* [Input]
══════

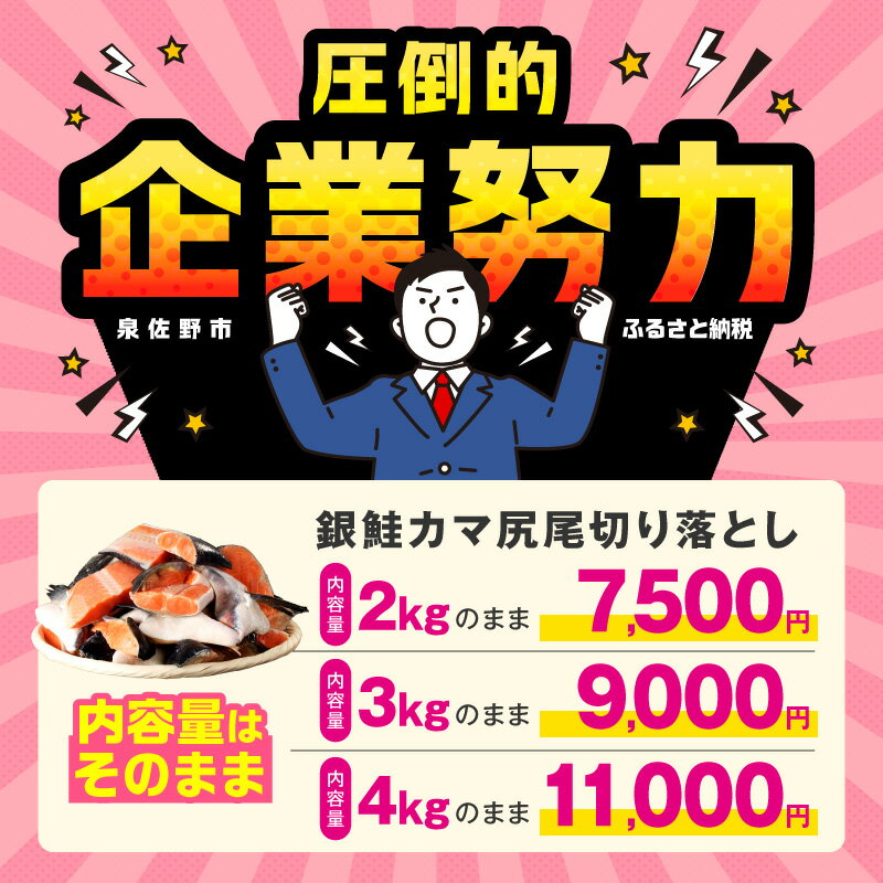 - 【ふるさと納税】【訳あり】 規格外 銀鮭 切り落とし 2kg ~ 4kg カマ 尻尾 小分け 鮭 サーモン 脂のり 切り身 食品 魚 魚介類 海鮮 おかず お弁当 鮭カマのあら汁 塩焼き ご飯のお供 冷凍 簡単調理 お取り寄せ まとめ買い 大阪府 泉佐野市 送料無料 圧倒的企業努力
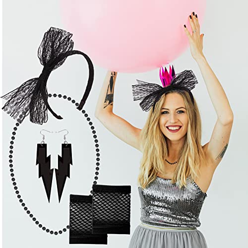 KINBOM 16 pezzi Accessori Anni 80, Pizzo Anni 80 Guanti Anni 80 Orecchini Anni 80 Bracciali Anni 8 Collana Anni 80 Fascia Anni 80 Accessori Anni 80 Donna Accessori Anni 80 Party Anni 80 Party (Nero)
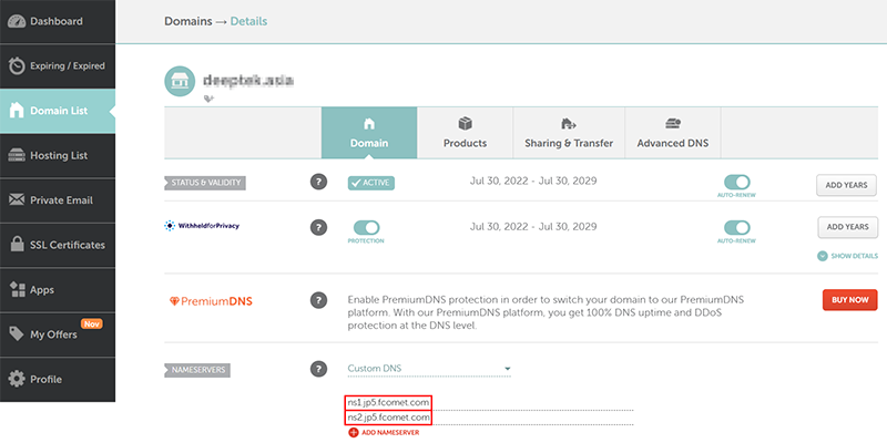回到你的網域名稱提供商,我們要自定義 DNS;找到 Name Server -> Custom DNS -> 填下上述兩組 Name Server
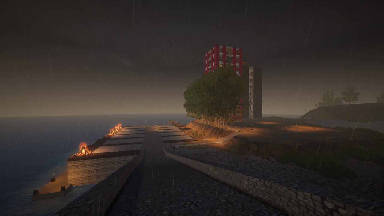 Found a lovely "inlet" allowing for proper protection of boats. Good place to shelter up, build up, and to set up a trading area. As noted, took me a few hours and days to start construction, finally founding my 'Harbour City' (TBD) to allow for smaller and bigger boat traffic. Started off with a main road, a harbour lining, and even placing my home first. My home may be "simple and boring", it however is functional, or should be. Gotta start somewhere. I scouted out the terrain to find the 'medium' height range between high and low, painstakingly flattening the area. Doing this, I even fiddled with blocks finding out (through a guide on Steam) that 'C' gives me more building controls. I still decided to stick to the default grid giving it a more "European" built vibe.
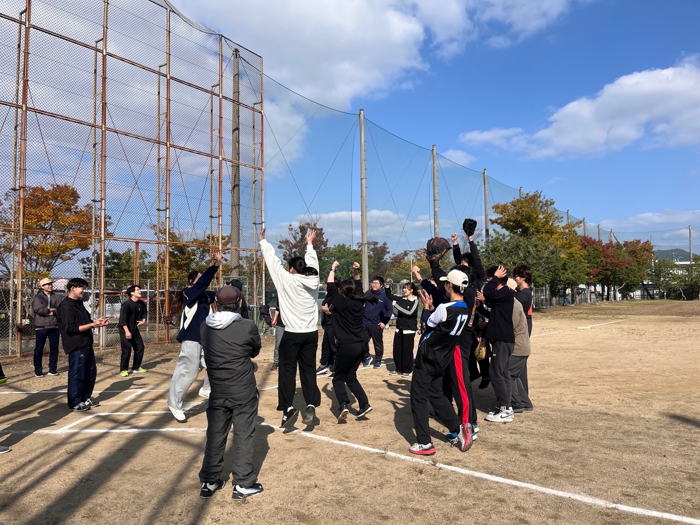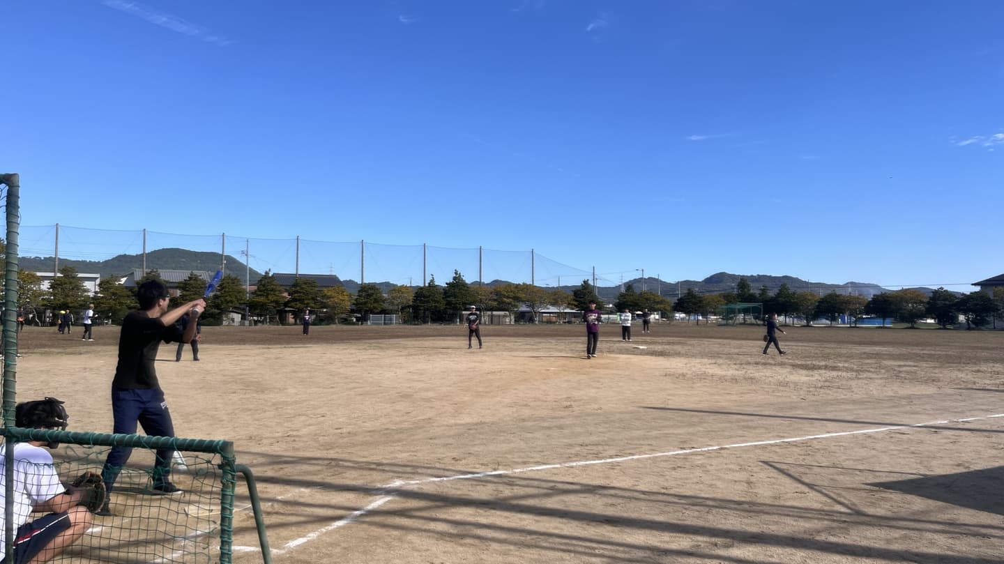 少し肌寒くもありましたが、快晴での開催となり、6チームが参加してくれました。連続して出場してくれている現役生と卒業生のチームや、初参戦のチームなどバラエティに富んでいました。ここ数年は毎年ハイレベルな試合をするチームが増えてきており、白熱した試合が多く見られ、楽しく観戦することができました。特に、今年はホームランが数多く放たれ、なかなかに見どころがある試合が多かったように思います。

══════

* [Instructions for the task] Everything from the line containing "Found a lovely" through the end of the data should be printed exactly, line for line, except the pictures.

* [Completed task]
 Found a lovely "inlet" allowing for proper protection of boats. Good place to shelter up, build up, and to set up a trading area. As noted, took me a few hours and days to start construction, finally founding my 'Harbour City' (TBD) to allow for smaller and bigger boat traffic. Started off with a main road, a harbour lining, and even placing my home first. My home may be "simple and boring", it however is functional, or should be. Gotta start somewhere. I scouted out the terrain to find the 'medium' height range between high and low, painstakingly flattening the area. Doing this, I even fiddled with blocks finding out (through a guide on Steam) that 'C' gives me more building controls. I still decided to stick to the default grid giving it a more "European" built vibe.
 少し肌寒くもありましたが、快晴での開催となり、6チームが参加してくれました。連続して出場してくれている現役生と卒業生のチームや、初参戦のチームなどバラエティに富んでいました。ここ数年は毎年ハイレベルな試合をするチームが増えてきており、白熱した試合が多く見られ、楽しく観戦することができました。特に、今年はホームランが数多く放たれ、なかなかに見どころがある試合が多かったように思います。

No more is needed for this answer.